Atambayev has been in power since 2011. On the one hand, his presidency ends in the coming months, and, on the other hand, it seems that 2017 will be considered the end of Atambayev’s term of office according to his unwillingness expressed to participate in the upcoming presidential election. But regarding the Kyrgyz experience in the field of transmission or distribution of power, observers and the audience have still more to reflect upon. Thus, it is not far-fetched to try to explain the links between future political developments and the recent changes to Kyrgyzstan’s constitution.
As shown in the media, despite the friendly pleasantries of regional leaders like Putin and Nazarbayev expressed for Atambayev’s re-nomination, he has not expressed a desire to assume the presidency again. In addition, as mentioned, as a result of the recent referendum, the Prime Minister’s scope of powers and his executive power have increased more than ever. At first glance, it seems that this development can be interpreted in the context of Atambayev’s efforts to reduce his (presidential) power. But the interesting point is that Atambayev is also attributed to the Social Democratic Party of Kyrgyzstan.

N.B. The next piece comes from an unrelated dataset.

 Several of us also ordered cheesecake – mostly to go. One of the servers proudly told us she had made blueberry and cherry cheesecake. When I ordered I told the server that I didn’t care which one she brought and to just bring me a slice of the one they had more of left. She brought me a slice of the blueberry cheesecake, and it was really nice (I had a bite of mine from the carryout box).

However, the party, with 37 seats out of 120 parliamentary seats, has played its role in the form of parliamentary coalition, it seems that it is the most effective and most decisive party in the political climate in Kyrgyzstan.
The most common assessment for the possible motives behind the recent changes to the constitution is Atambayev’s attempt to return to power within the parliamentary elections as the Prime Minister of Kyrgyzstan who is now more powerful than ever, and enjoys an incomparable executive power. This is the claim raised by the Kyrgyz and international analysts, but, each time, Atambayev has refused to accept it. But, regardless of the raised claims and doubts, the ongoing process is directed toward a loss of existing balance in power relations in this country, and it seems that this can cause possible future tensions in the political climate in Kyrgyzstan.

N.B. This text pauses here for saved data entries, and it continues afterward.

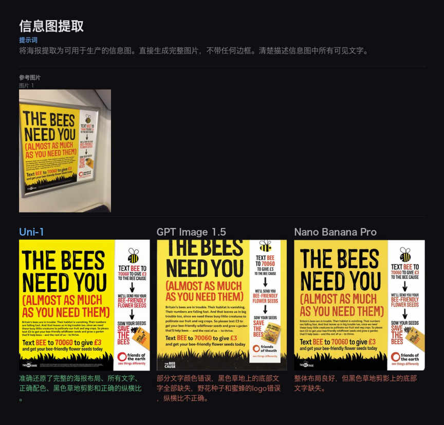 该任务同时考验模型的视觉理解能力(准确提取海报中的文字和版式信息)和生成能力(重新组织为清晰的信息图)。Uni-1 准确还原了文字内容、保持了正确的层级结构。而 GPT Image 1.5 混淆了文字层级,部分文字难以辨认;Nano Banana Pro 则未能完整呈现信息图的内容。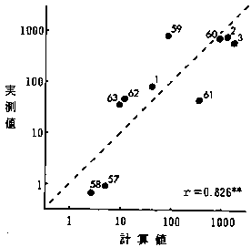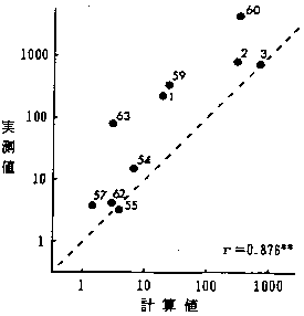 旭川について,実際の春期越冬幼虫数を初期値としてモデルで第2世代成虫数および秋期越冬幼虫数を計算すると,計算値と実測値との相関はr=0.876**およびr=0.826**であり,一律の変化率を乗じた場合より適合性が高かった。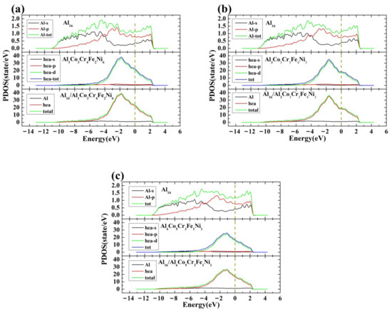 The layer-projected densities of states (LPDOS) that represent the electronic states of different orbitals of atoms in the interfacial regions are further utilized to study the mechanisms of bonding close to the interface between the Al and HEA layers. As revealed in Section 3.1, the concentrations of Al and Ni in the HEA layers play a key role in determining the stability of interface. The LPDOS for the interfacial regions with three different Al (or Ni) concentration gradients are computed, and the results are shown in Figure 5a–c, respectively. It is obvious that the chemical disorder strongly affects the density of states; Also, it can be found the total LPDOS is mainly attributed to the HEA layer, which mostly results from the d-orbitals for the HEA layer. Besides, obvious hybridizations at the energy level of −10~3 eV between p- and d-orbitals for HEA layers and s- and p-orbitals for Al layers are observed. Based on the magnitude of PDOS, one can deduce that the hybridization strength is enhanced with increasing Ni content or decreasing Al content at the interfaces. Moreover, with increasing Ni content or decreasing Al content at the interface, the total PDOS slightly shifts to lower energy levels, which could be mainly attributed to the existence of HEA layers. Therefore, the electronic structure discussed above further demonstrates that there are enhanced interactions between the HEA and Al layers close to the interface where the segregation of Ni or the depletion of Al could lead to better stability of interface.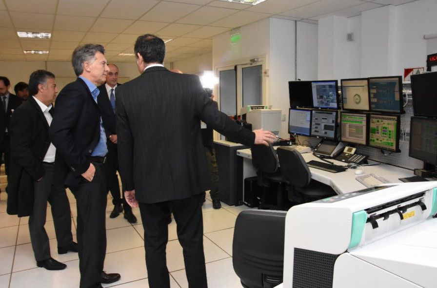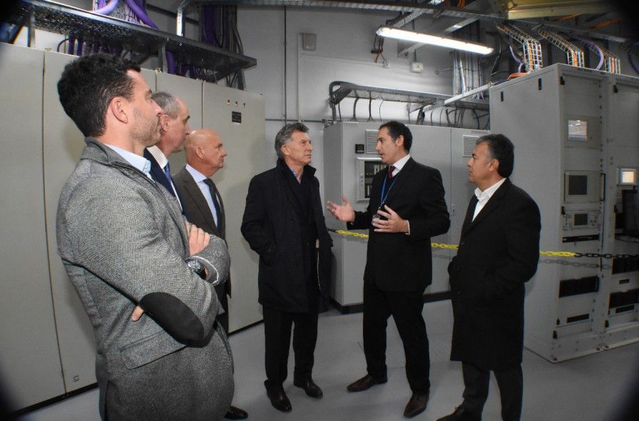 Macri arribó en helicóptero y en su visita estuvo acompañado por el gobernador Alfredo Cornejo, el intendente Jorge Vergara Martínez y Rodrigo De Loredo, Presidente de ARSAT.

The most important feature of the parliamentary system in Kyrgyzstan is the effort to break the monopoly of political power in this country which is established as a result of the turmoil following the totalitarianism of the Presidents and the fear to have the turmoil repeated. Kyrgyzstan’s parliamentary system has emerged as a mechanism to curb the growing desire of the executive leaders of the country for the political rigidity and totalitarianism, and now, once again, the allocation of too much executive power to the Prime Minister has itself presented this mechanism as the underlying basis for the totalitarianism and political rigidity. According to the background of political developments in Kyrgyzstan, this process each time has not only led to disorder and political tensions, but also even paved the way for the fall of leaders and a change in the power structure.
So, aside from the names - the “parliamentary” and “presidential” - given to systems in Kyrgyzstan, the concentrated executive power in a part of the political structure of the country and the loss of the internal balance of power can cast doubt on the only parliamentary system in the vast Central Asia, and lead to the unwanted developments in the Kyrgyz political life.
Behrouz Ghezel, a PhD student in Central Asia and Caucasus Studies at University of Tehran, is the managing editor at IRAS.